# Etapa de Potencia Vieta AP-8150P



## mscmix (Ene 13, 2013)

Hola, necesito el esquema de esta etapa.


----------



## Mario Di Domenico (Ene 13, 2013)

por lo menos pone fotos de lo que estas reparando asi la ayuda del foros sirve para las demas personas


----------



## el-rey-julien (Ene 13, 2013)

http://retrovieta.blogspot.com.ar/2011/03/vieta-ap-8150p.html



Mario Di Domenico dijo:


> por lo menos pone fotos de lo que estas reparando asi la ayuda del foros sirve para las demas personas



para que fotos si solo pide el diagrama?


----------



## Mario Di Domenico (Ene 13, 2013)

el-rey-julien dijo:


> http://retrovieta.blogspot.com.ar/2011/03/vieta-ap-8150p.html
> 
> 
> 
> para que fotos si solo pide el diagrama?



queria verlo y comparar con otros de la misma marca a ver si se parecen en algunos de los que encontre googleando


----------



## el-rey-julien (Ene 13, 2013)

buena idea  Mario Di Domenico ¡¡¡


----------



## mscmix (Ene 14, 2013)

La unica parecida es la AP-8100. Pero solo por fuera.
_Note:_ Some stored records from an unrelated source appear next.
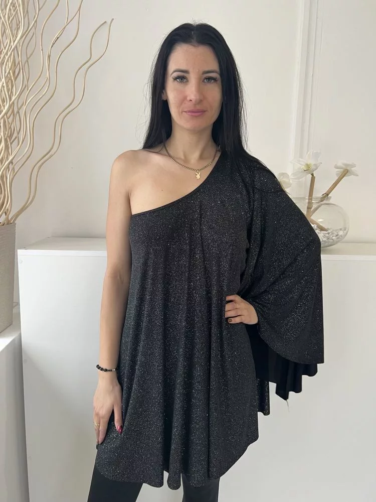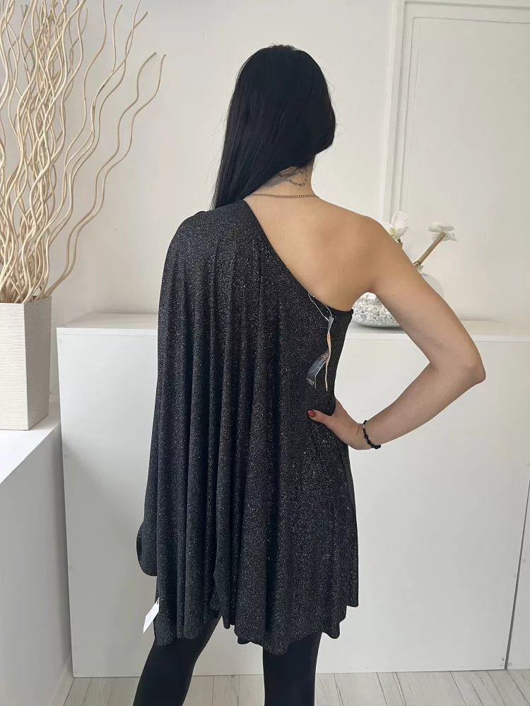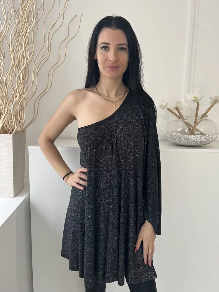 ÚJ Lipsy (M) Fekete Anyagában Ezüst Csillgós Félvállas, Hosszított Fazonú Ruha
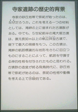 査で、内列砂丘上に営まれた縄文前期から室町時代にかけての大規模な複合遺跡であることが判明した。特に飛鳥時代か
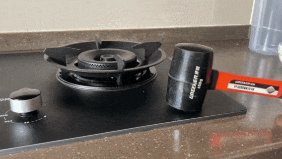 灶具AB58号称“防爆灶”,当面对榔头这等“暴力攻击”时,它的抗冲击能力到底如何?将榔头对灶具角落进行连续敲击,从试探性的轻敲到越来越用力的重击,连炉头都跟着剧烈晃动,面板却始终完好无损,没有一丝裂痕。
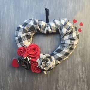 Handmade Heart-shaped Valentine's Day Wreath with black and white buffalo plaid
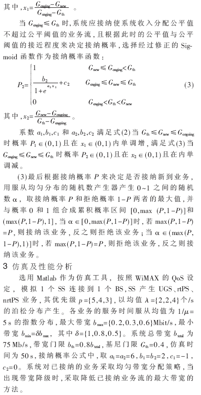 式(1)模型表示呼叫接纳时系统带宽分配的公平程度。因业务流的权重随优先级的增大呈指数增长,而高优先级业务与低优先级业务的带宽要求差距小于其权重之间的差距,模型将在优先接纳高优先级业务的同时提高低优先级业务的接纳率,保证各业务之间接纳的公平性,同时提高系统带宽利用率。
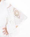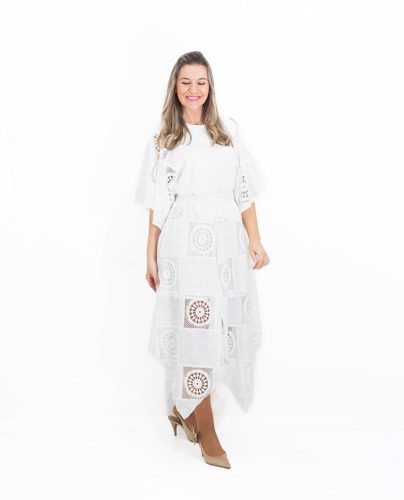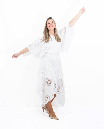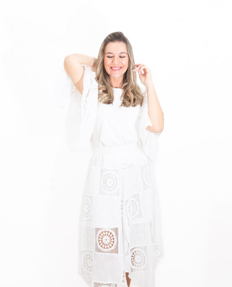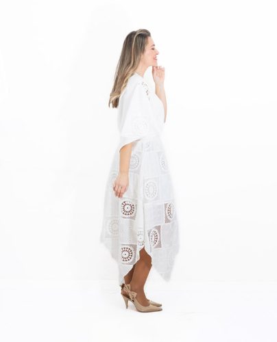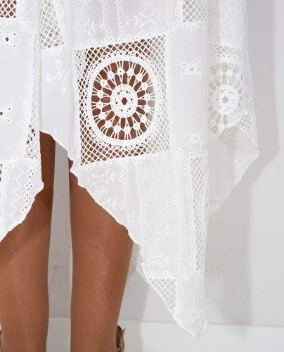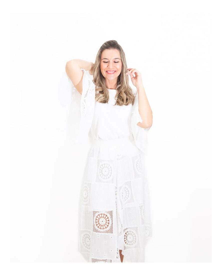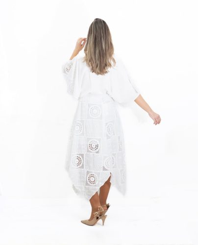 La falda es asimétrica y está confeccionada íntegramente en encaje blanco, aportando ese aire delicado y sofisticado que convierte el conjunto en una opción especial y muy femenina.
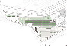 | El proyecto del instituto parte de estas premisas. El solar tiene una forma similar a la de un triángulo isósceles, donde uno de los lados largos es el paseo de circunvalación de la montaña, y con aproximadamente 18 metros de desnivel entre sus lados. El programa incorpora salas de diversas dimensiones: aulas, laboratorios, seminarios, comedor, recepción, oficinas, gimnasio... | The project for the high school starts from these premises. The plot is shaped like an isosceles triangle, where one of the long sides is the promenade going around the mountain, and has approximately 18 metres of gradient between the sides. The brief includes different-sized rooms: classrooms, laboratories, seminar rooms, dining room, reception, offices, gymnasium, etc. | |
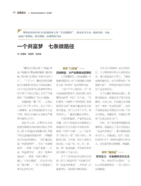 探索“共富微路径”的点点滴滴。 攀枝花新晋“网红”打卡地。“有 腰包鼓起来,街道打造了集共富直
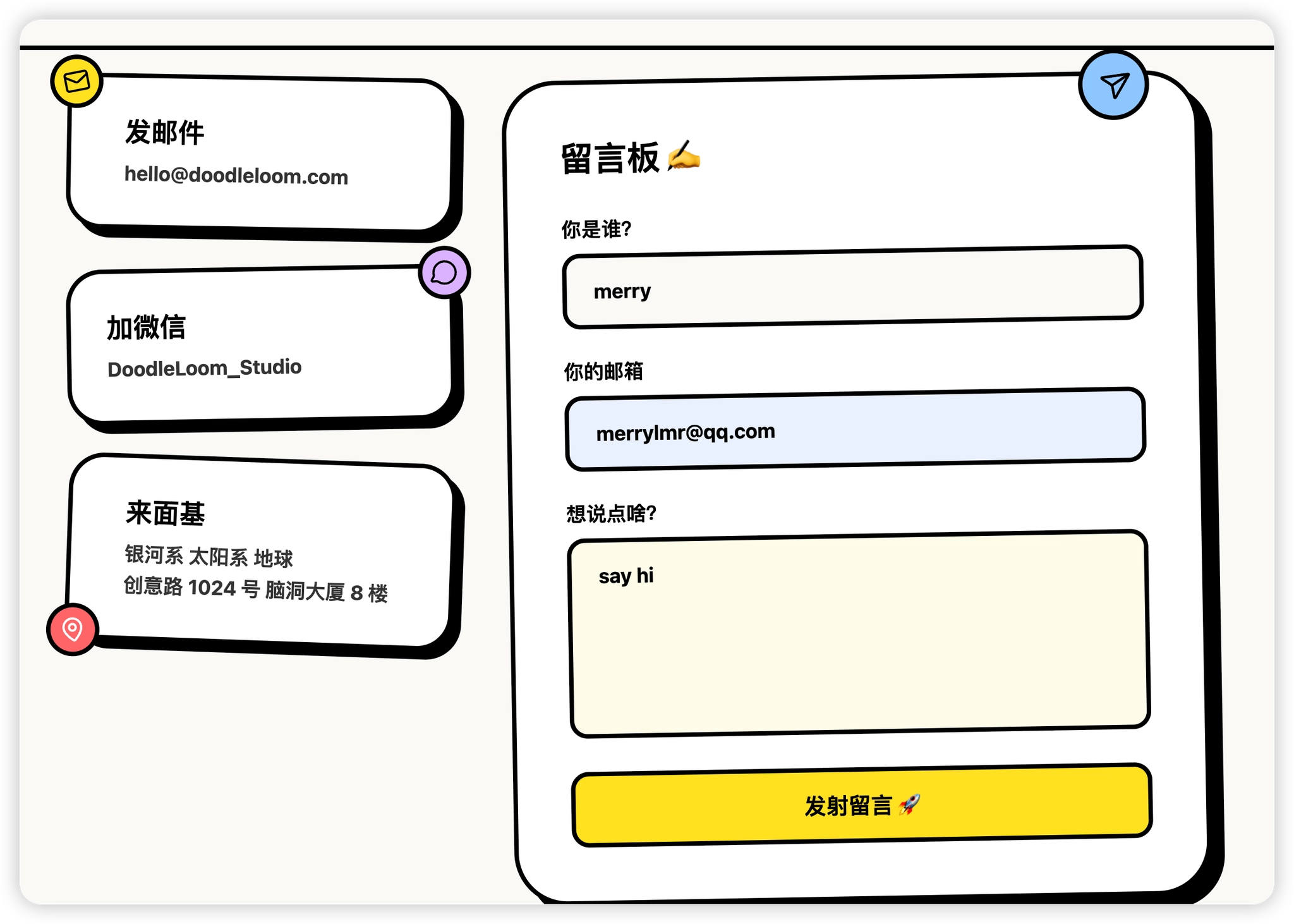 UI details: Rounded cards, thick borders Slight irregular / imperfect layout Fun, creative, friendly vibe

En RetroVieta no está. Sólo hay esquemas de otros modelos que son de Hi-Fi. Esta es una etapa de la gama profesional (gama baja, pero suena muy bien).


----------



## el-rey-julien (Ene 14, 2013)

si funciona una de las salidas podes guiarte por esa ,para reparar la que esta rota


----------



## mscmix (Ene 14, 2013)

No está averiada, es para subirla todo lo posible a clase A. Y claro, tengo que anotar los resultados. Me gustaria hacerlo sobre el esquema.


----------